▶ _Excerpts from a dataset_

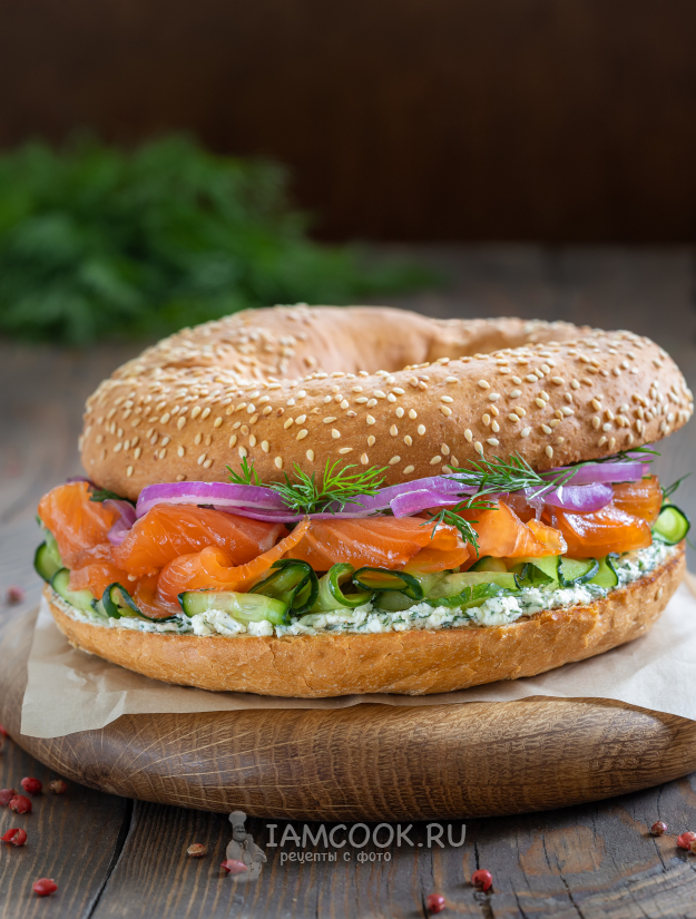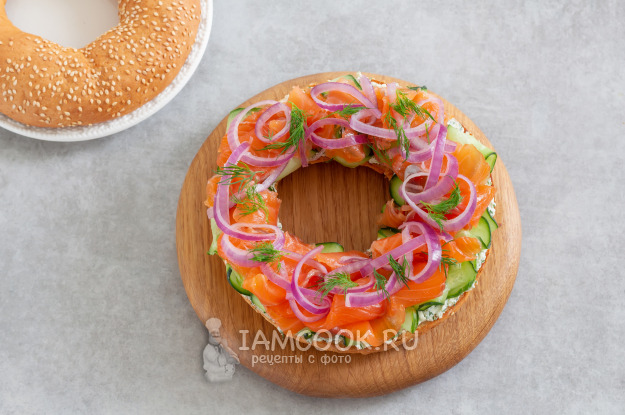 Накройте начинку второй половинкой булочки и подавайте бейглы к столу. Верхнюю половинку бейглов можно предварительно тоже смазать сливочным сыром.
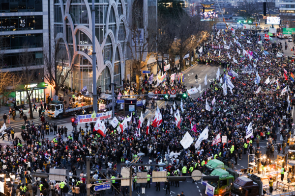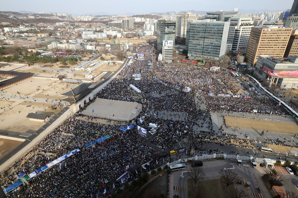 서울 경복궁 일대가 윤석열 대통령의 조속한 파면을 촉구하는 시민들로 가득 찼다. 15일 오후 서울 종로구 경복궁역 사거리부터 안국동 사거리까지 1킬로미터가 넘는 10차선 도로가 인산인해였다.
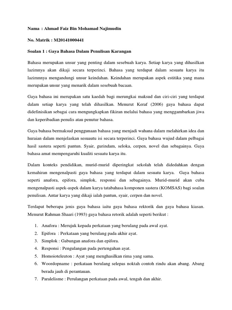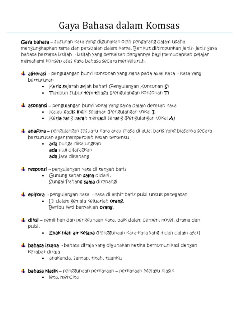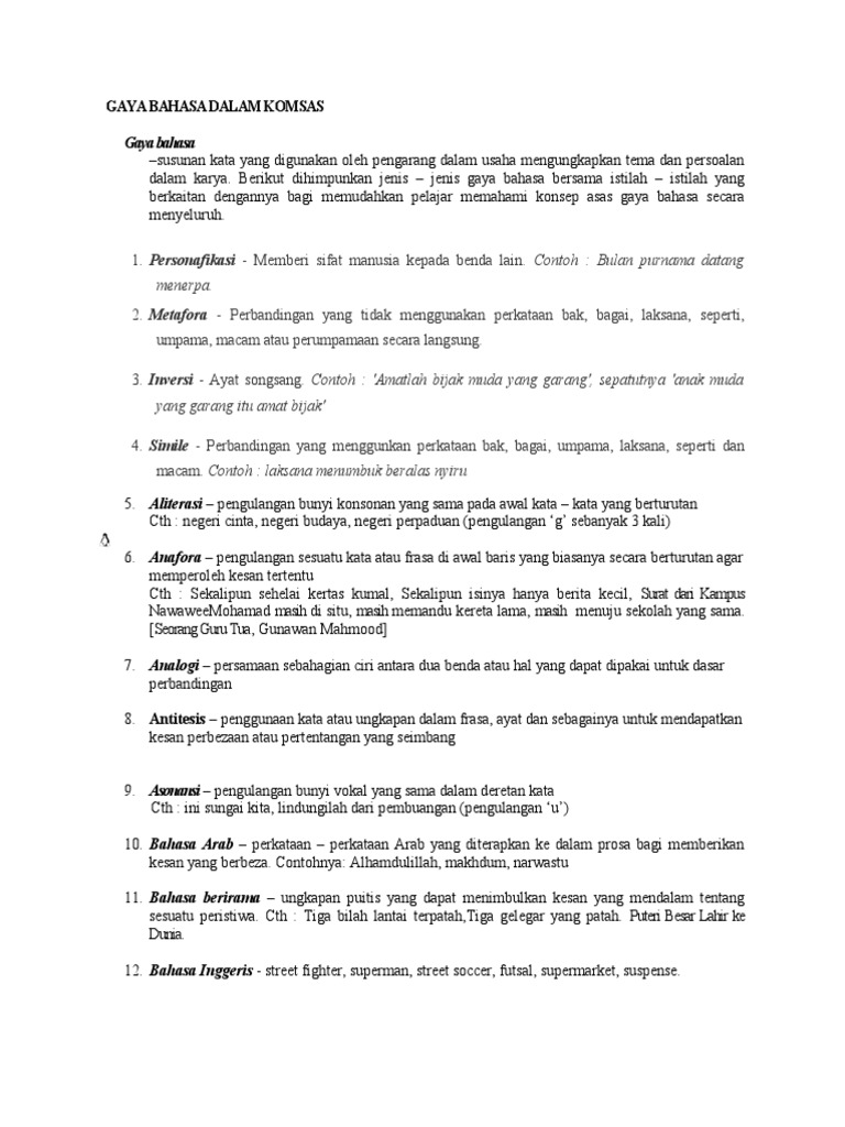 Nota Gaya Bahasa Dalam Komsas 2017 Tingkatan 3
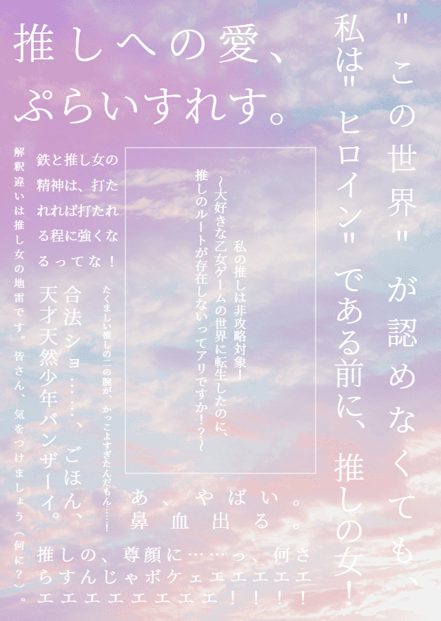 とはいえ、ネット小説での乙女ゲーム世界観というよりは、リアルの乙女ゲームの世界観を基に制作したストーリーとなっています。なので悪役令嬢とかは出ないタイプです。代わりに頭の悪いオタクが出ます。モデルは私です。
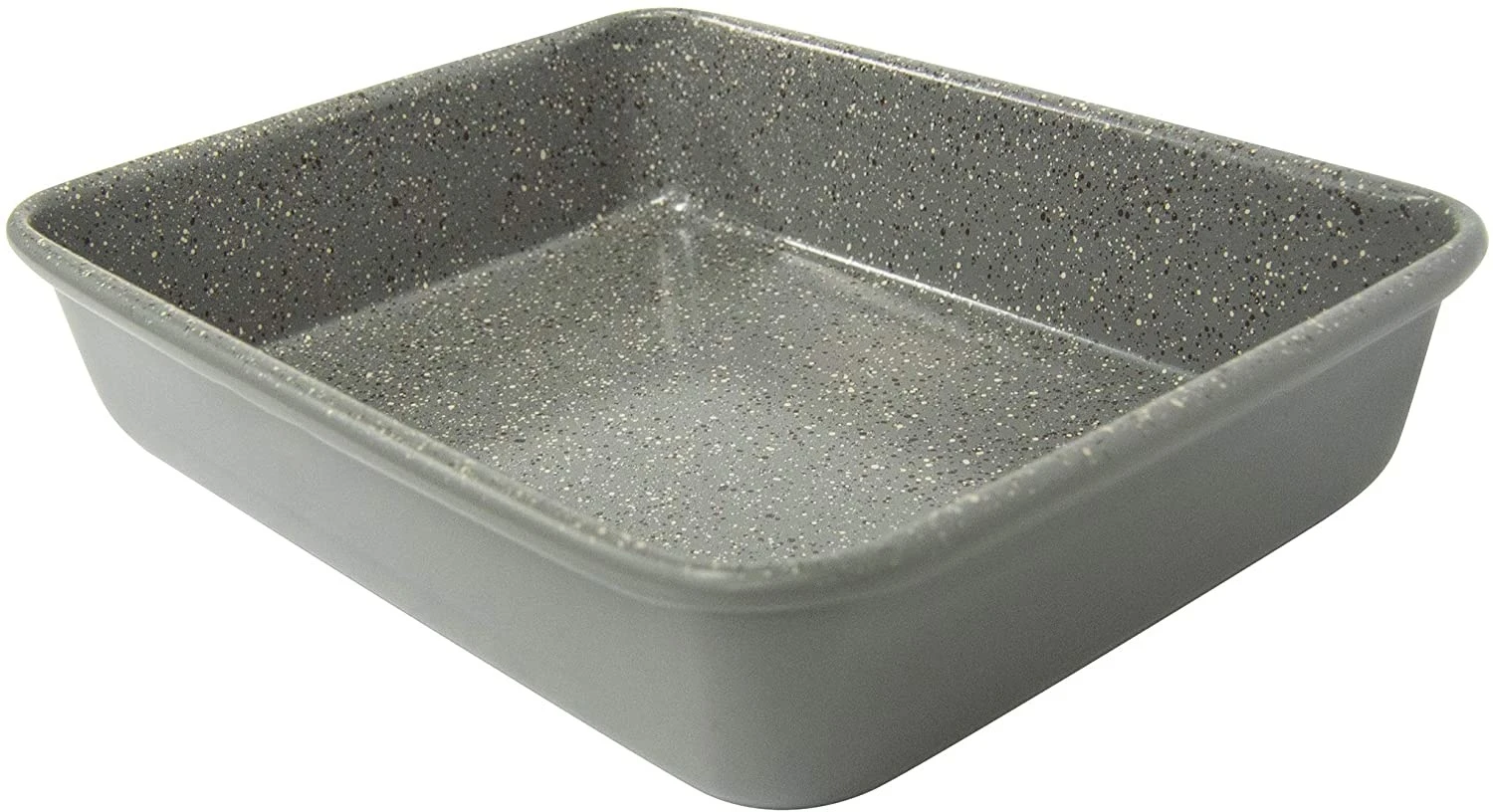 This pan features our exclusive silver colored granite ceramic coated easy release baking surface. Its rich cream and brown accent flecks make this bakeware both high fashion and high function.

▶ _EXERCISE_
The records above should be returned exactly, with only their pictures held back.

▶ _OUTPUT FOR THIS TASK_
 Накройте начинку второй половинкой булочки и подавайте бейглы к столу. Верхнюю половинку бейглов можно предварительно тоже смазать сливочным сыром.
 서울 경복궁 일대가 윤석열 대통령의 조속한 파면을 촉구하는 시민들로 가득 찼다. 15일 오후 서울 종로구 경복궁역 사거리부터 안국동 사거리까지 1킬로미터가 넘는 10차선 도로가 인산인해였다.
 Nota Gaya Bahasa Dalam Komsas 2017 Tingkatan 3
 とはいえ、ネット小説での乙女ゲーム世界観というよりは、リアルの乙女ゲームの世界観を基に制作したストーリーとなっています。なので悪役令嬢とかは出ないタイプです。代わりに頭の悪いオタクが出ます。モデルは私です。
 This pan features our exclusive silver colored granite ceramic coated easy release baking surface. Its rich cream and brown accent flecks make this bakeware both high fashion and high function.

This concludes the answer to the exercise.